Data records
+++

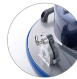
Sistema de bloqueo de cabezal
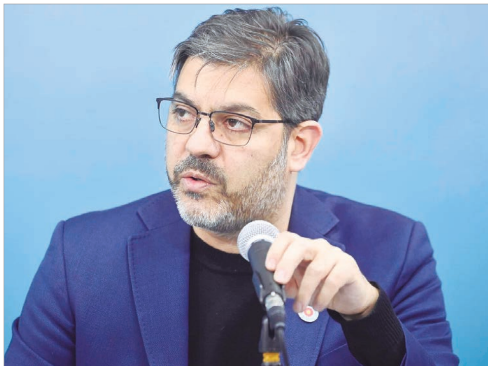
“El de Milei es el gobierno que más se ha endeudado”
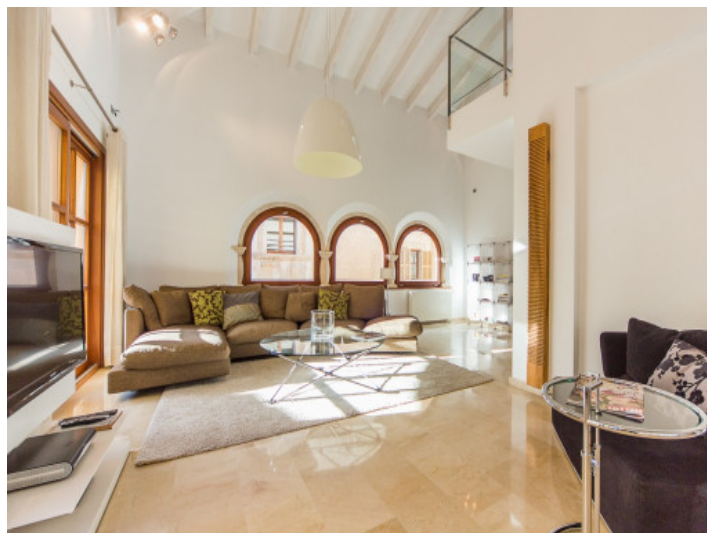
Acogedora zona de estar
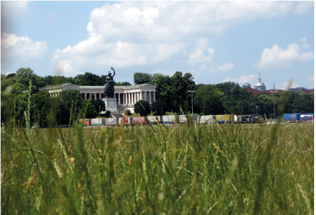
Die Theresienwiese: Wirtschaftsraum oder Naherholungsfläche?
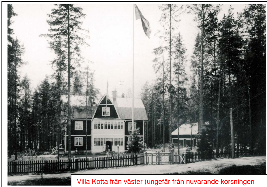
Villa Kotta från väster (ungefär från nuvarande korsningen Parkvägen/Tungelstavägen) Troligen byggd i början på förra seklet, döptes om till Granebo i samband med ägarbyte 1914.
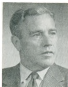
S. Petersen automobilforhandler Kbhvn. N.
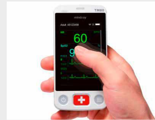
Leichte Handhabung wie bei einem Handy dank des 3,5-Zoll-Displays
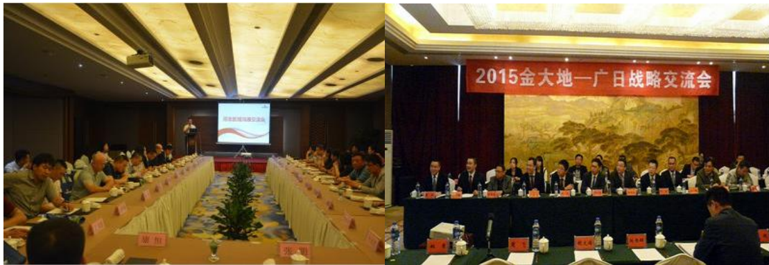
图表 17 战略客户交流

其中建业、朗诗、奥园、金大地、当代、大汉等众多知名企业已成为广日电梯长期的战略合作伙伴，彰显了广日电梯品牌在消费群体中的地位。
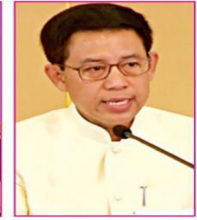
พล.ต.สรรเสริญ

เกษตรและสหกรณ์ทุกคนด้วยว่าจะต่อแท้งน้อยใจไม่ได้ ซึ่งเร็ว ๆ นี้ ปัญหาภัยแล้งก็จะมาอีก และน่าจะหนักกว่าปัญหาหยางพารา แต่ไม่ใช่เรื่องที่เราจะต่อแท้ง ต้องเดินหน้าและมุ่งมั่นต่อไป.....เฮ้อ!!! สุยเลยสู้รับลูกแห่
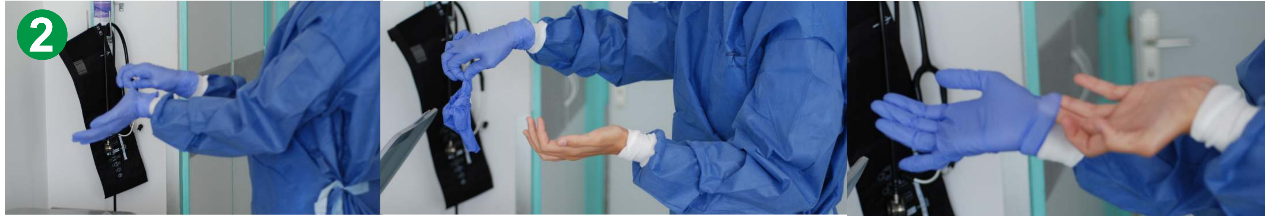
2.- GUANTES retírelos de la siguiente manera:

+++

* PROBLEM REQUIREMENTS *
Apart from the pictures, all of the data should be repeated exactly.

* EXERCISE RESPONSE *
Sistema de bloqueo de cabezal
“El de Milei es el gobierno que más se ha endeudado”
Acogedora zona de estar
Die Theresienwiese: Wirtschaftsraum oder Naherholungsfläche?
Villa Kotta från väster (ungefär från nuvarande korsningen Parkvägen/Tungelstavägen) Troligen byggd i början på förra seklet, döptes om till Granebo i samband med ägarbyte 1914.
S. Petersen automobilforhandler Kbhvn. N.
Leichte Handhabung wie bei einem Handy dank des 3,5-Zoll-Displays
图表 17 战略客户交流

其中建业、朗诗、奥园、金大地、当代、大汉等众多知名企业已成为广日电梯长期的战略合作伙伴，彰显了广日电梯品牌在消费群体中的地位。
พล.ต.สรรเสริญ

เกษตรและสหกรณ์ทุกคนด้วยว่าจะต่อแท้งน้อยใจไม่ได้ ซึ่งเร็ว ๆ นี้ ปัญหาภัยแล้งก็จะมาอีก และน่าจะหนักกว่าปัญหาหยางพารา แต่ไม่ใช่เรื่องที่เราจะต่อแท้ง ต้องเดินหน้าและมุ่งมั่นต่อไป.....เฮ้อ!!! สุยเลยสู้รับลูกแห่
2.- GUANTES retírelos de la siguiente manera:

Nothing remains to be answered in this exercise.